- Activity
Word for word, restate the lines from the top of the records below through the line with "各 深さ155mm/幅260mm/奥行 手前から70・100・100・70mm", both included, with no pictures in the result.

- Source records

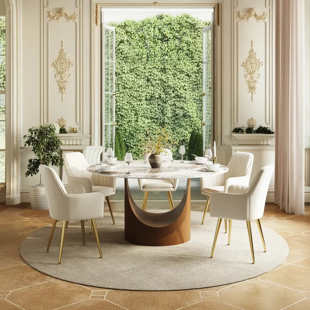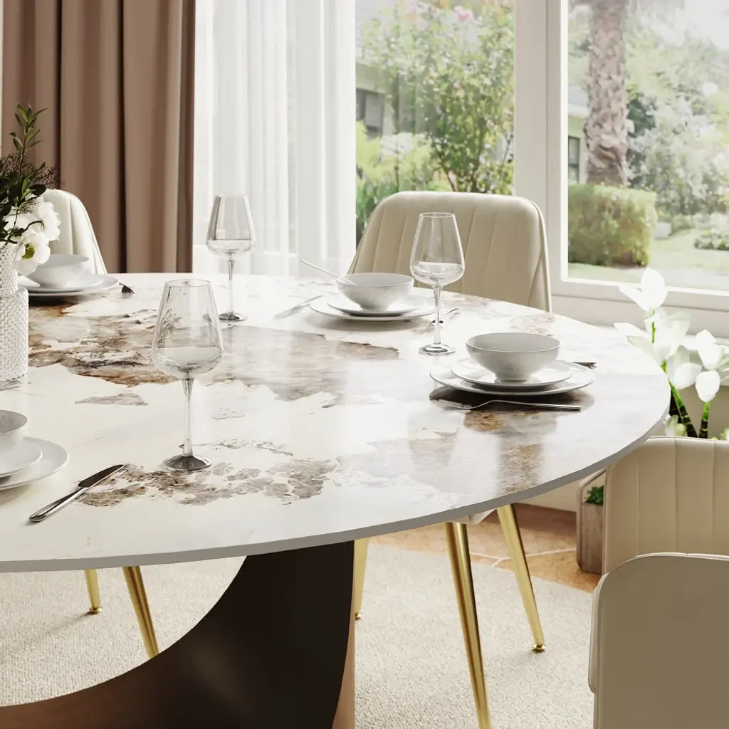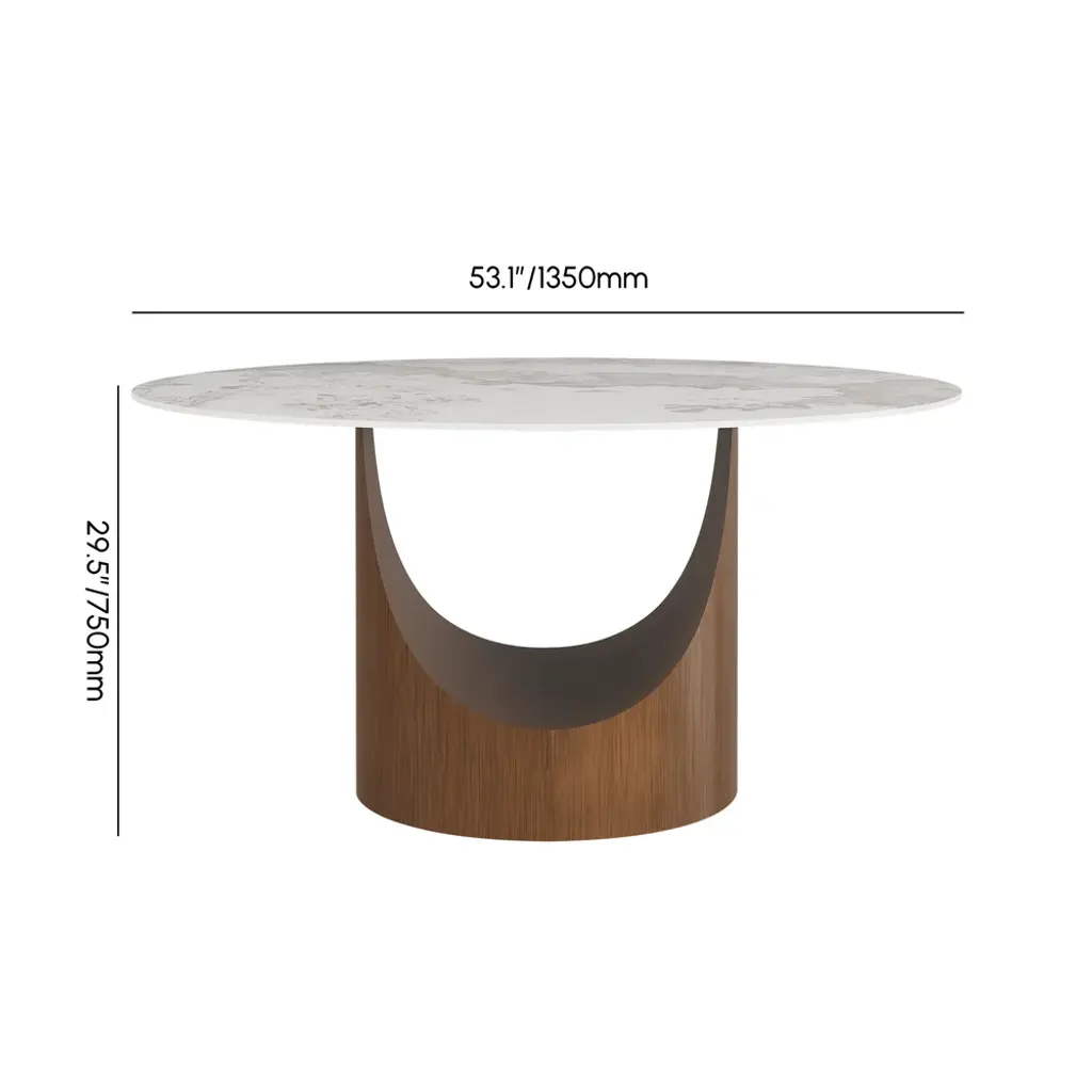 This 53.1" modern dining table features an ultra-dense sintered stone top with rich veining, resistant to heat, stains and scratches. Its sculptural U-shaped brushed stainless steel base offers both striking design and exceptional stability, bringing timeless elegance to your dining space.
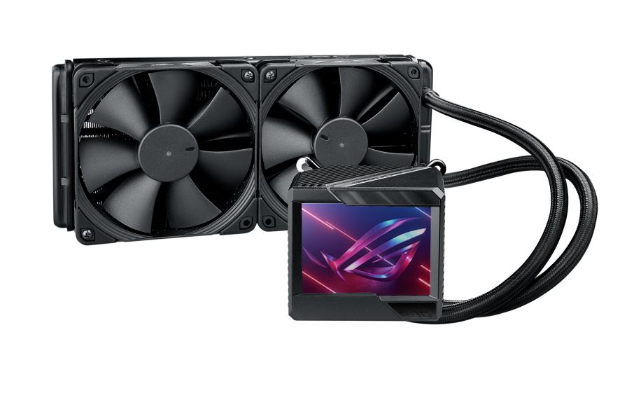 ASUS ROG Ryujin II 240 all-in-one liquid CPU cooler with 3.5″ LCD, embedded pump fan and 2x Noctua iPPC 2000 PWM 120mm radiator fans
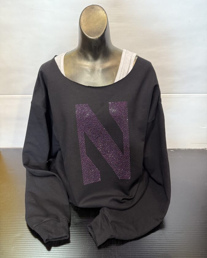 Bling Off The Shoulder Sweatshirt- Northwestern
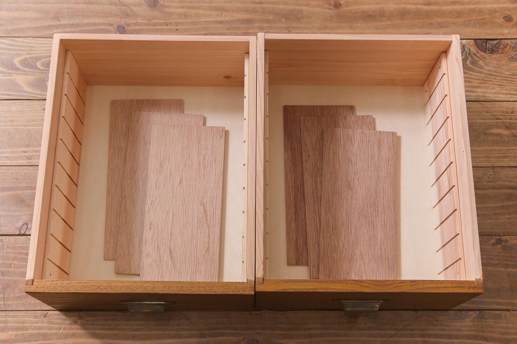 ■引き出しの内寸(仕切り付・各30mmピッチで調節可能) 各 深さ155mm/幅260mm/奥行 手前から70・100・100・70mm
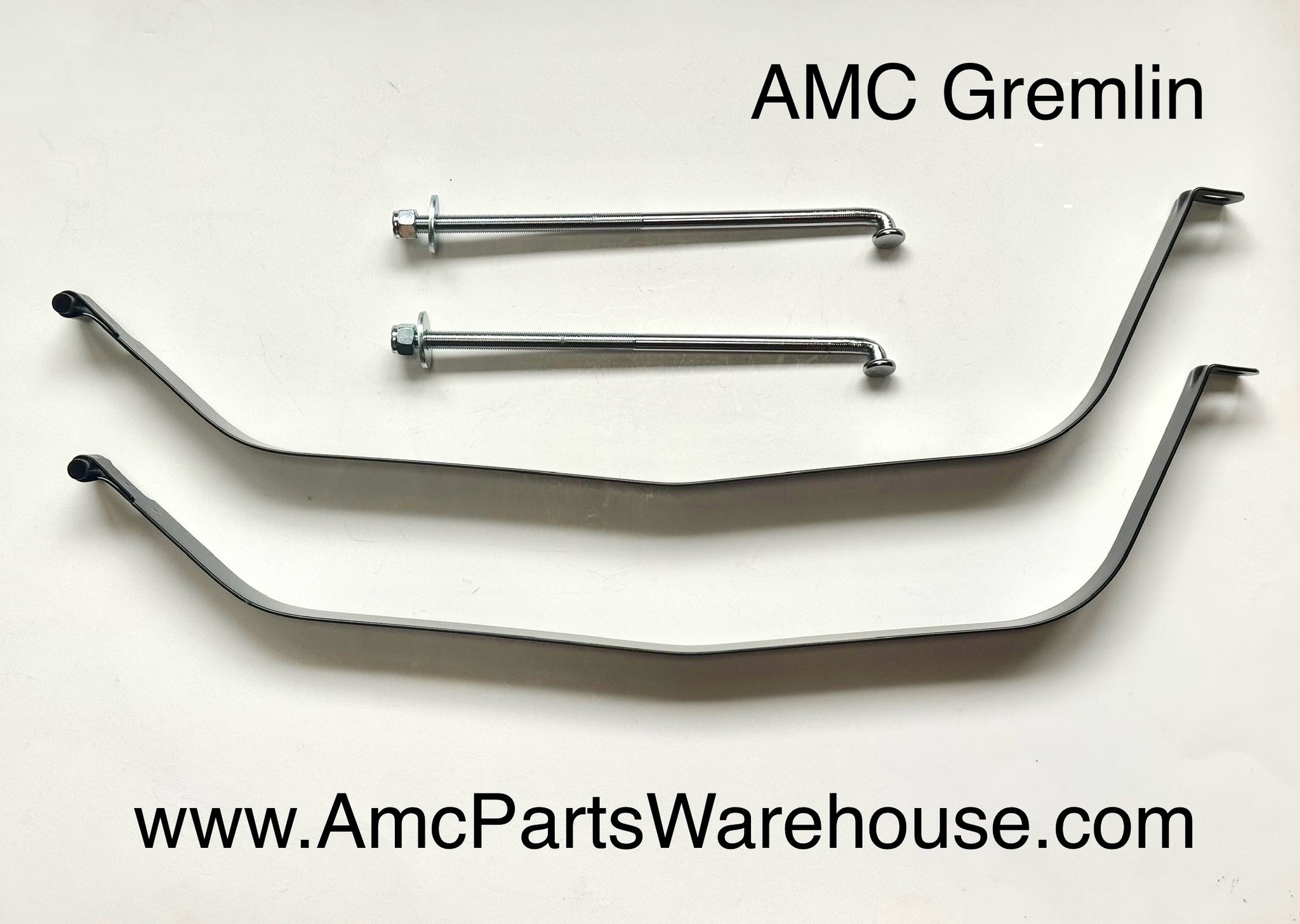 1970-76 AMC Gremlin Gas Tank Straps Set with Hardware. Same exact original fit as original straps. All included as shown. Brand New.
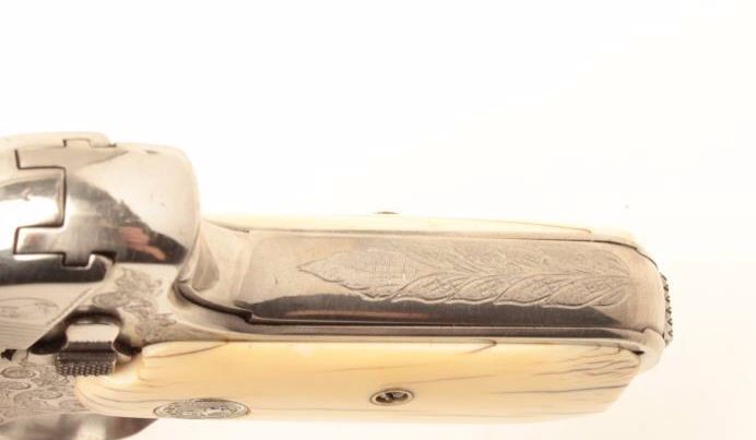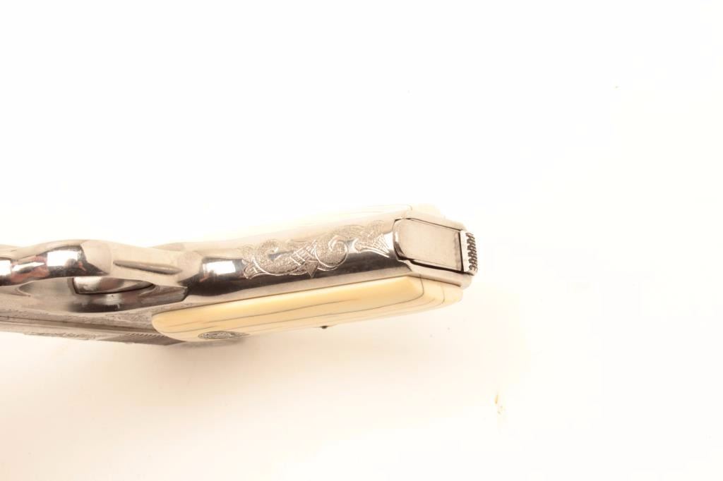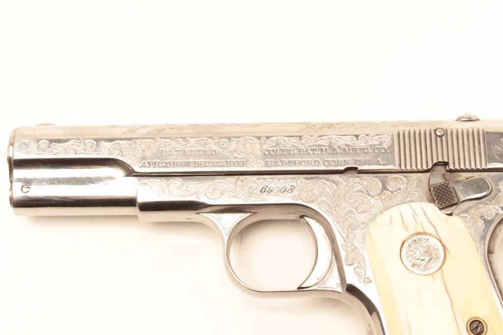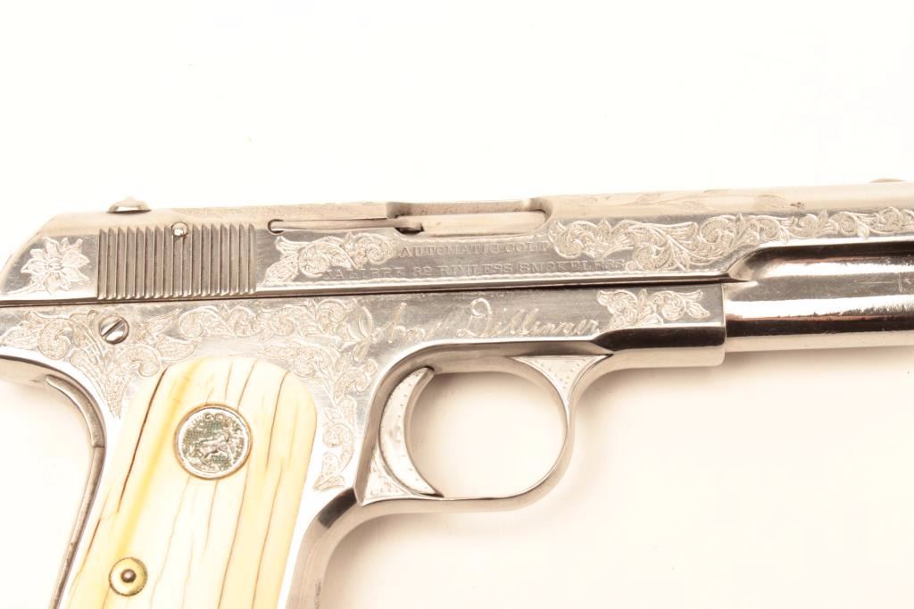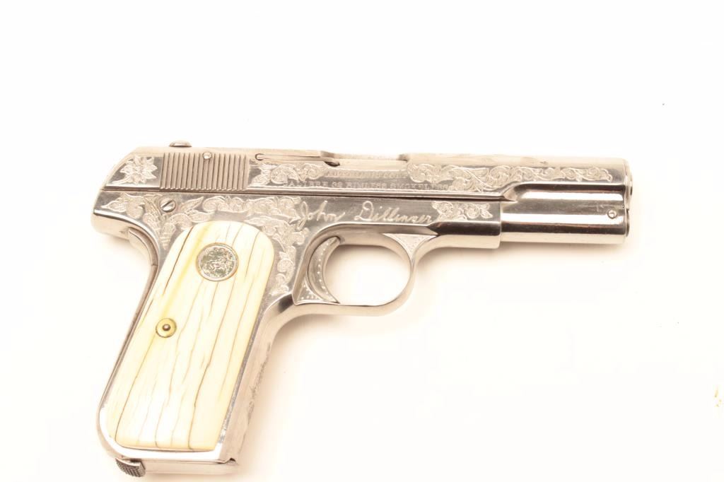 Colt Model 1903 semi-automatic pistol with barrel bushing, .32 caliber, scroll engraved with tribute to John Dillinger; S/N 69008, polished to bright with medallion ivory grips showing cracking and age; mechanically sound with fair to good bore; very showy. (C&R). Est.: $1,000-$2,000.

- Solved problem
 This 53.1" modern dining table features an ultra-dense sintered stone top with rich veining, resistant to heat, stains and scratches. Its sculptural U-shaped brushed stainless steel base offers both striking design and exceptional stability, bringing timeless elegance to your dining space.
 ASUS ROG Ryujin II 240 all-in-one liquid CPU cooler with 3.5″ LCD, embedded pump fan and 2x Noctua iPPC 2000 PWM 120mm radiator fans
 Bling Off The Shoulder Sweatshirt- Northwestern
 ■引き出しの内寸(仕切り付・各30mmピッチで調節可能) 各 深さ155mm/幅260mm/奥行 手前から70・100・100・70mm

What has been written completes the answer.